=== TO DO ===
Your copy should contain exactly the lines from the start of the listing through the line that holds "此类耀州窑八方供器甚为罕见,仅知一相似钧", and no pictures.
DATA EXTRACT Start Marker
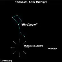 The Quadrantids (QUA) are a meteor shower that peaks in early January and whose radiant lies in the constellation Boötes. The zenithal hourly rate (ZHR) of this shower can be as high as that of two other reliably rich meteor showers, the Perseids in August and the Geminids in December,[4] yet Quadrantid meteors are not seen as often as those of the two other showers because the time frame of the peak is exceedingly narrow, sometimes lasting only hours. Moreover, the meteors are quite faint, with mean apparent magnitudes between 3.0 and 6.0).
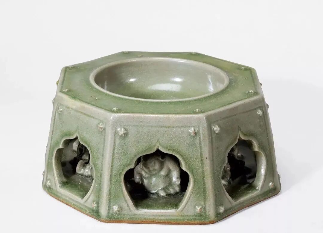 此类耀州窑八方供器甚为罕见,仅知一相似钧窑作例,可资比较,属大维德爵士雅蓄,现贮于大英博物馆。
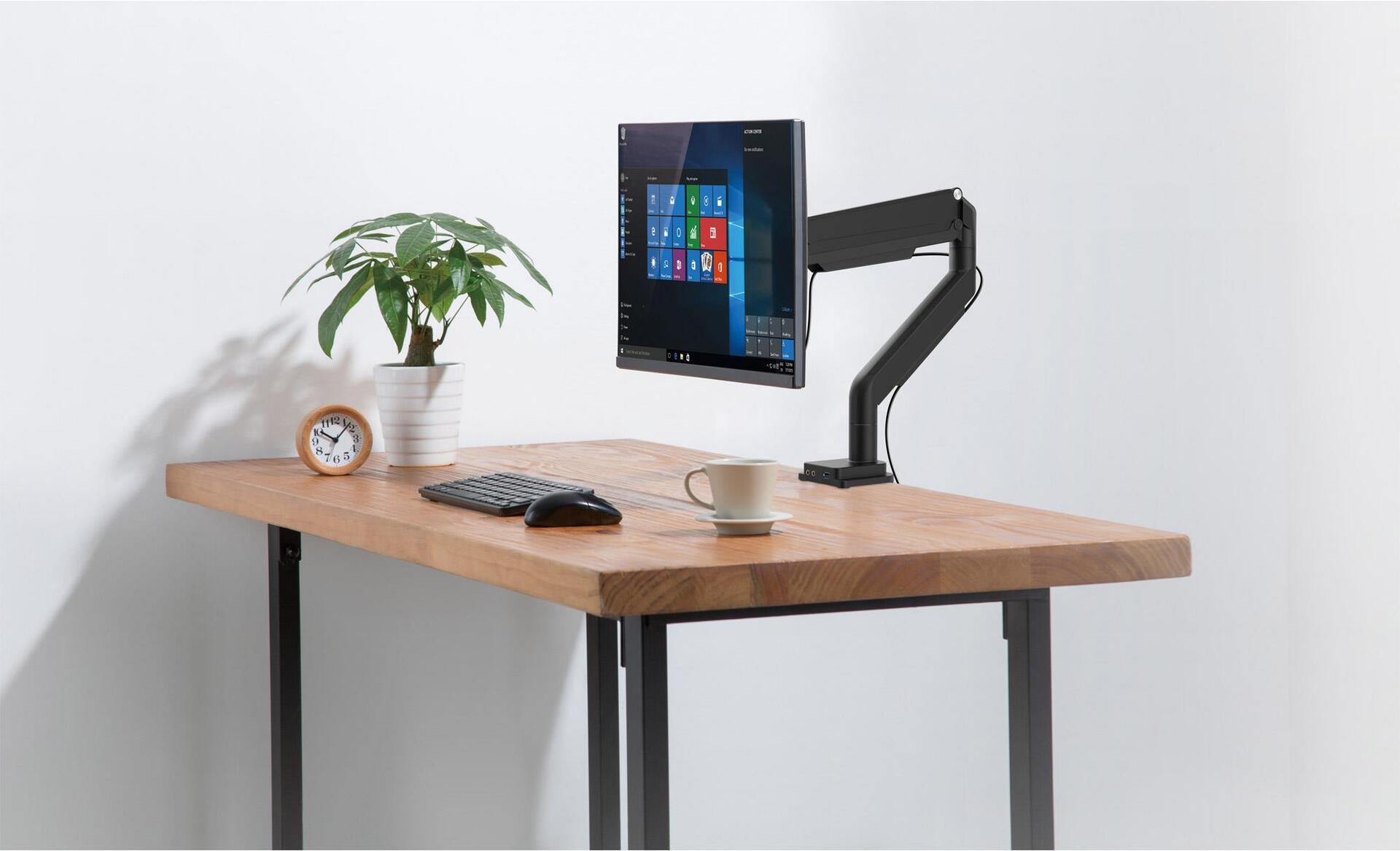 • Gasfeder-Aluminium-Monitorarm für einen Monitor• Schwenkarm: Bietet bequemere Bedienung• Gasfeder: Gleicht das Gewicht Ihres Monitors perfekt aus• Abnehmbare VESA-Platte: Ermöglicht einfache Installation• Extra Werkzeughalter• Eingebautes Kabelmanagement: Für einen organisierten und übersichtlichen Arbeitsbereich• Inkl. USB/Audio-Verlängerung (1x USB 3.0 Typ A / 2x 3,5mm Klinke)• Bildschirmgröße: 17\"-32\"• Gewicht (pro Bildschirm): 1 kg bis zu 9 kg• VESA-kompatibel: 75x75 mm, 100x100 mm• Neigungsbereich: +90°~-90°• Schwenkbereich: +90°~-90°• Bildschirm-Rotation: +90°~-90°• Vorgeschlagene Schreibtischstärke: Klemme 10~85mm, Durchführung 10~80mm
DATA EXTRACT End Marker
=== OUTPUT OF THE TASK ===
 The Quadrantids (QUA) are a meteor shower that peaks in early January and whose radiant lies in the constellation Boötes. The zenithal hourly rate (ZHR) of this shower can be as high as that of two other reliably rich meteor showers, the Perseids in August and the Geminids in December,[4] yet Quadrantid meteors are not seen as often as those of the two other showers because the time frame of the peak is exceedingly narrow, sometimes lasting only hours. Moreover, the meteors are quite faint, with mean apparent magnitudes between 3.0 and 6.0).
 此类耀州窑八方供器甚为罕见,仅知一相似钧窑作例,可资比较,属大维德爵士雅蓄,现贮于大英博物馆。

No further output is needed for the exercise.